Constellation and ER Cape were parties to a contract of affreightment for the shipment of iron ore from Brazil to China. The agreement was negotiated and signed in Hong Kong. It contained an arbitration agreement providing for arbitration in London under English law.
Constellation initiated two arbitrations in London against ER Cape. In each case, the award was in favor of Constellation. The total of the two awards was more than $15 million. ER Cape appealed to the High Court of Justice under § 69 of the Arbitration Act. The court denied the appeals. Constellation then sought recognition and enforcement of the awards in New York. It served the summons on ER Cape while ER Cape was still registered in New York, and it asserted that the service was effective as to ER Limited, the parent company, on an alter ego theory, but ER Limited did not appear in the case.
ER Cape sought dismissal on forum non conveniens grounds, seeking dismissal in favor of a forum in the British Virgin Islands, the UK, or Hong Kong. The court went through the usual analysis, considering the deference due to the plaintiff’s chosen forum, the adequacy of the foreign forums, and the balance of the private and public interest factors, including (1) court congestion; (2) the local interest in having controversies decided in home; (3) the forum court’s familiarty with the governing law; (4) avoidance of conflict of laws problems; and (5) the unfairness of burdening citizens in an unrelated forum with jury duty. Weighing all of these factors, the court denied the motion. The court also denied a motion to dismiss on grounds of improper venue, holding that as an alien, ER Cape could be sued in any district. As there was no substantive ground offered for refusing to confirm the awards, the court confirmed them.
Here is the question: does the doctrine of forum non conveniens make sense in the New York Convention context? I don’t see that it does. Here are some considerations that, I think, bear on the question:
- The Convention has a list of grounds for refusal of recognition and enforcement that is exclusive. Of course, constitutional issues override this, and thus there are going to be cases where the exercise of personal jurisdiction is inconsistent with the Due Process Clause. Fair enough. But forum non conveniens is a common law doctrine that need not necessarily override the Convention’s exclusive grounds, even if we agree (as I think I may) that forum non conveniens is a rule of procedure rather than a rule of substantive law.

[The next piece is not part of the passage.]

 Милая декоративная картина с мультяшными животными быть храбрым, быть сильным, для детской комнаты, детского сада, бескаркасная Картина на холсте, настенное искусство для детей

- When a prevailing party seeks recognition and enforcement of an award, it’s looking to enforcement. Presumably Constellation chose the US as the forum for seeking recognition and enforcement because ER Cape has assets here. Otherwise, recognition and enforcement has little practical importance, since ultimately Constellation would need to obtain recognition of the award in the states where the assets are located. So allowing a forum non conveniens defense is in a sense equivalent to saying that the prevailing party in the arbitration cannot look to the losing party’s assets in the US to satisfy the award. Courts ought to emphasize the summary nature of the proceedings in a petition to confirm an award and bear in mind that the substance of the dispute has already been litigated in the forum of the parties’ choice.

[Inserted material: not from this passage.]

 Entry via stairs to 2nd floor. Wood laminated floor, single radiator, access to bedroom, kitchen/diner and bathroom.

My concerns about the application of forum non conveniens in the New York Convention context echo the concerns in a 2005 report of the International Commercial Disputes Committee of the Association of the Bar of the City of New York (available here), a 2007 article by William W. Park in the ICC International Court of Arbitration Bulletin (available here), and in Gary Born’s International Commercial Arbitration, which uses the US cases as an example of a developed state’s judicial decisions “that do not comport with the Convention’s requirements.” 1 Gary Born, International Commercial Arbitration 100 n.591 (2009).